Dieses Verhalten rechtfertigt der Mensch unter anderem damit, dass er die Besonderheit aufweise, »Person« zu sein, was ihn von allen anderen Arten unterscheide. Im Englischen gibt es für diese Eigenschaft sogar ein eigenes Wort: »personhood«. Aber was macht sie aus und wie wird jemand oder etwas zu einer Person?

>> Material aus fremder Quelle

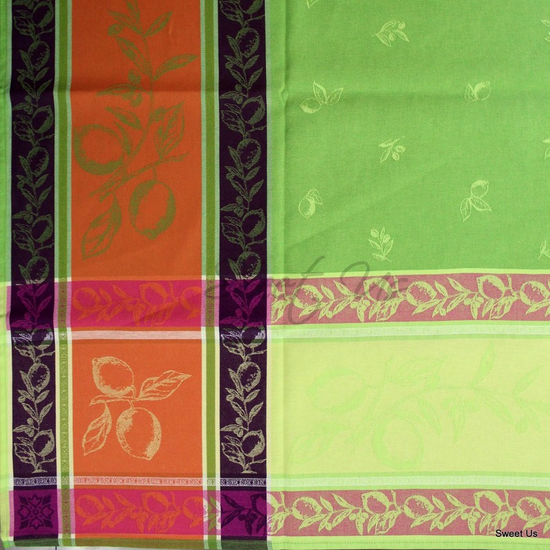Sweet Us Citronnier Wipeable Tablecloth Spill Resistant Teflon Coated, Floral Cotton French Provencal Tablecloth for Square Tables, Table Cover for Indoor and Outdoors, Verdant Citrus, 63 x 63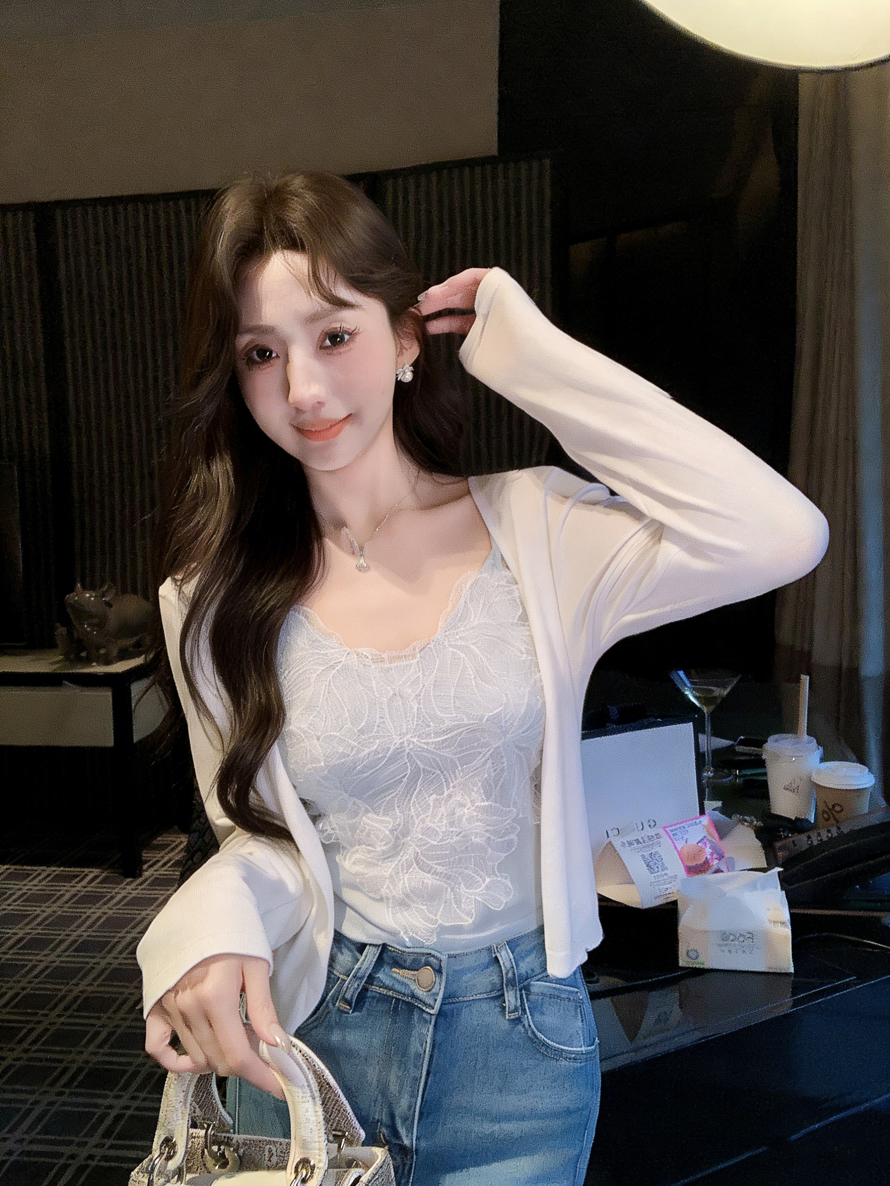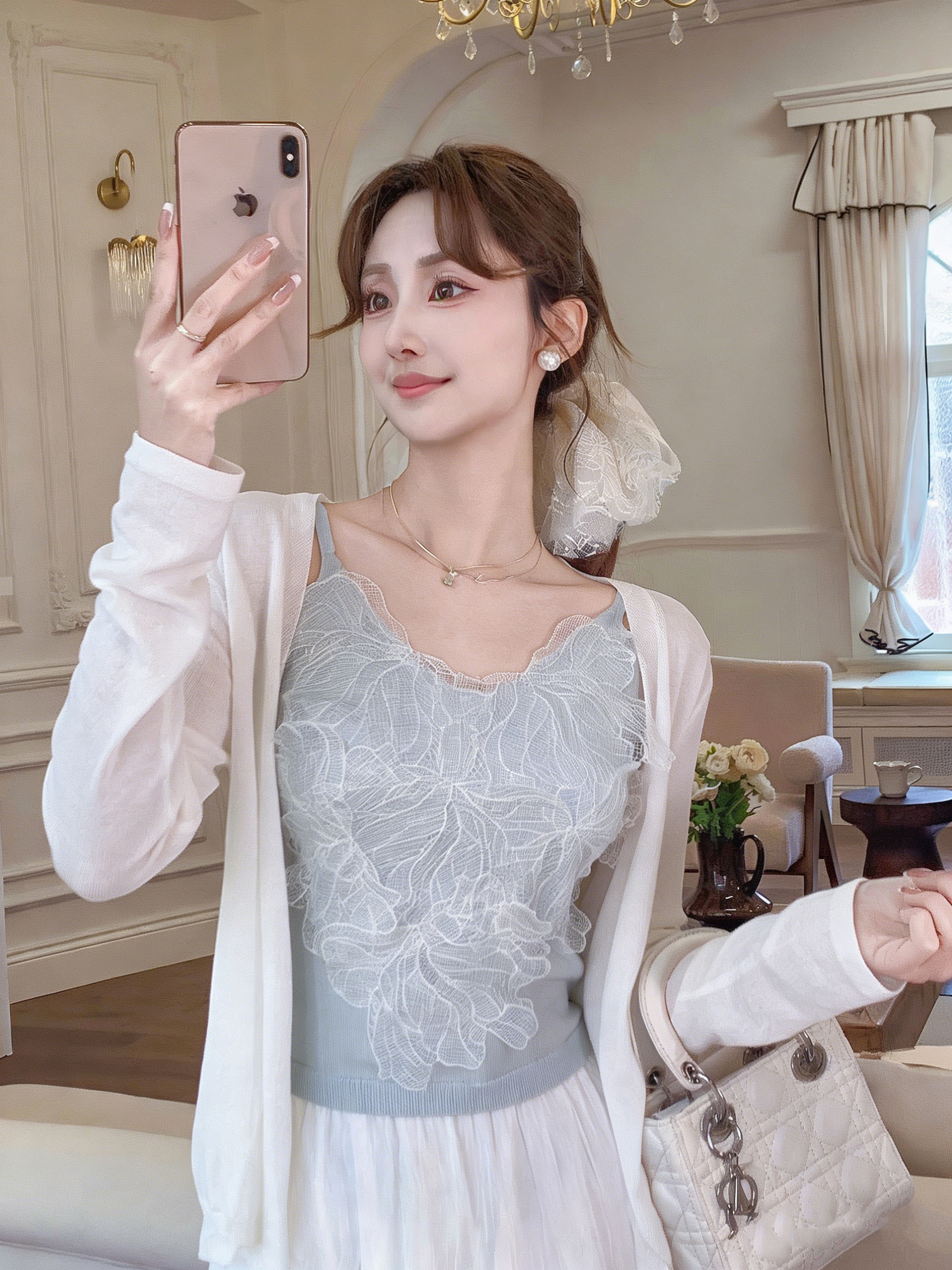 张心子【万人迷】春夏百搭神器蕾丝拼接吊带背心上衣 U2603017
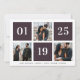 Anuncie os vossos núpcias com estas cartões salve a data chic com três das vossas fotografias quadradas favoritas e a data do vosso casamento num esquema reticulado com quadrados de ameixa alternada. "Save the Date" (Salvar a data) aparece abaixo com seus nomes e local do casamento.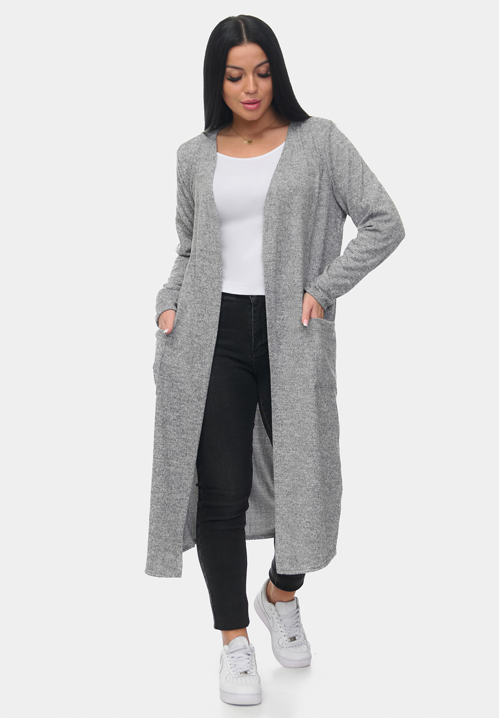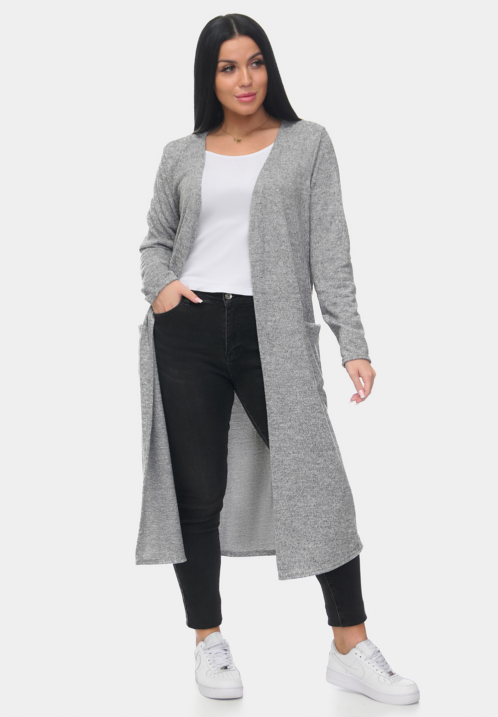 Стильный и уютный длинный кардиган из мягкой ангоры софт. Модель прямого кроя с удобными накладными карманами и открытой линией переда. Приятный на ощупь материал обеспечивает комфорт и тепло, идеально подходит для повседневных образов. Отлично сочетается с джинсами и брюками.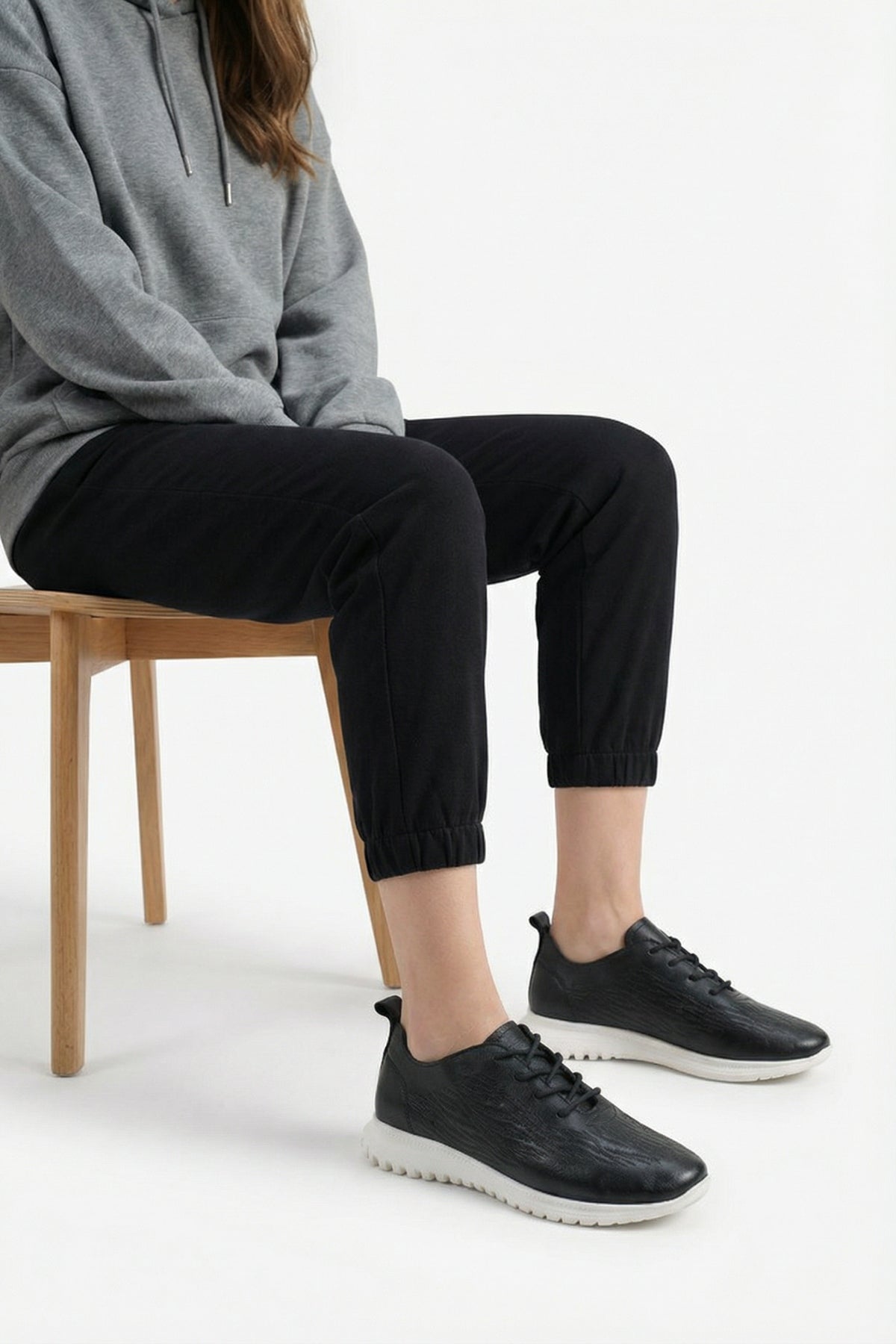 Maserda Kadın Hakiki Deri Sneaker Spor Ayakkabı - Siyah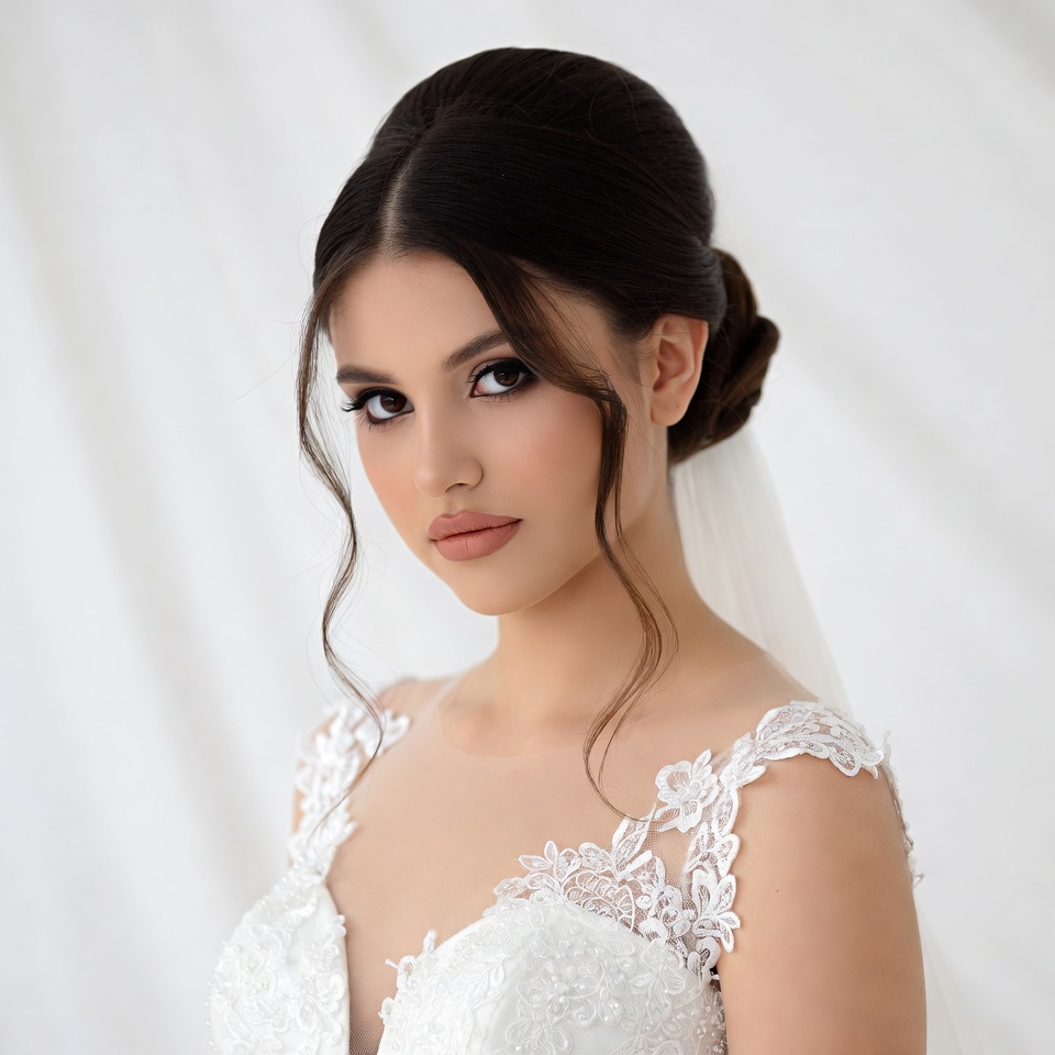 A young woman with dark hair styled in an elegant updo wears a white lace wedding dress with intricate detailing on the shoulders. She has a sheer veil draped over her hair and gazes slightly to the side with subtle makeup. The bride stands against a plain white background.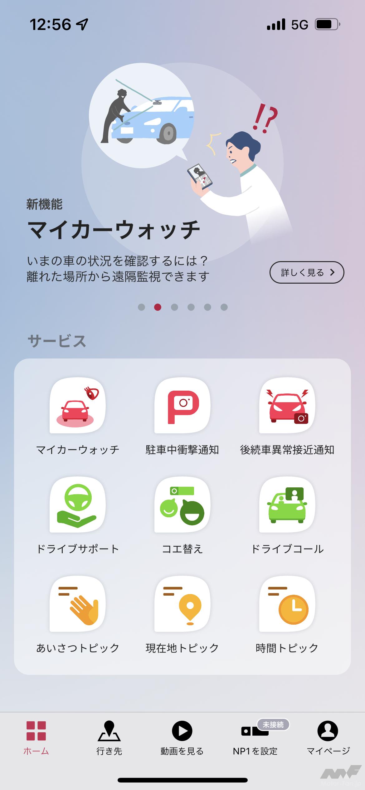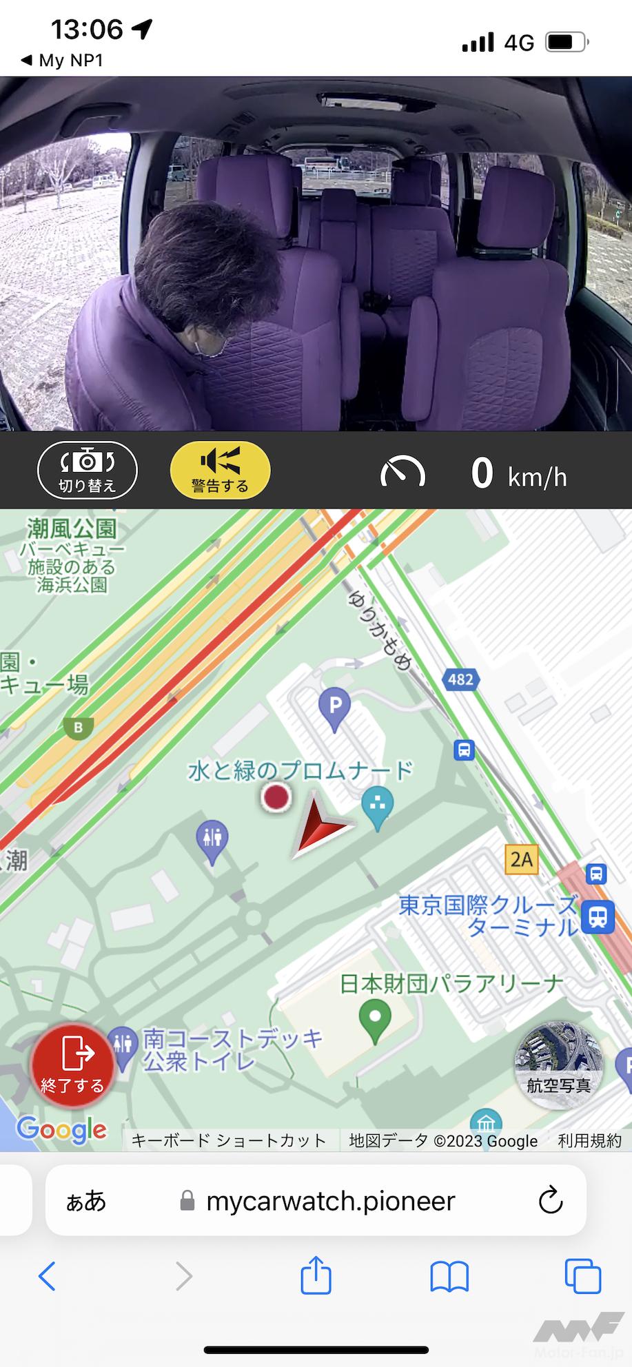 3. 異常検知の通知を見てスマホを操作することで、遠隔操作で現在の車載カメラの映像が確認できる。カメラの前に不審人物がいれば、実際にその姿をカメラで捉えることができるということだ。NP1には「マイカーウォッチ」としてこうした機能を実装している。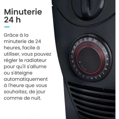 Radiateur à bain d’huile Programmable pour un Contrôle complet : Un thermostat et une minuterie de 24 heures intégrés permettent d’économiser de l’énergie et de chauffer efficacement à la température souhaitée différentes tailles de pièces, en programmant des plages horaires pour que votre chauffage d’appoint s’allume ou s’éteigne au moment où vous le souhaitez.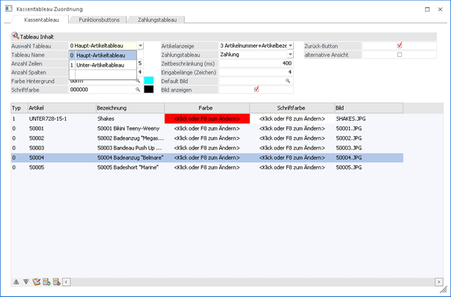 In dieser Tabelle können Artikel bzw. Unterartikel-Tableaus hinterlegt werden. Folgende Optionen stehen zur Verfügung:

Aus rechtlicher Perspektive gibt es zwei Arten von Personen, nur sie sind rechtsfähig. Das bedeutet, nur sie können Rechte und rechtliche Pflichten haben und sie geltend machen. Der einzelne Mensch ist eine sogenannte »natürliche Person«, bestimmte Personenvereinigungen wie Unternehmen, Vereine oder Stiftungen sind »juristische Personen«.

Alle Lebewesen – bis auf den Menschen – macht das deutsche Recht zu Sachen: Tiere sind tatsächlich zwar keine Sachen, werden ihnen rechtlich aber nahezu gleichgestellt.[1] Die Unterscheidung zwischen tatsächlich und rechtlich ist keine juristische Spitzfindigkeit, sondern dient dazu, dass wir (bestimmte) Tiere zwar essen, aber nicht quälen oder grundlos töten dürfen.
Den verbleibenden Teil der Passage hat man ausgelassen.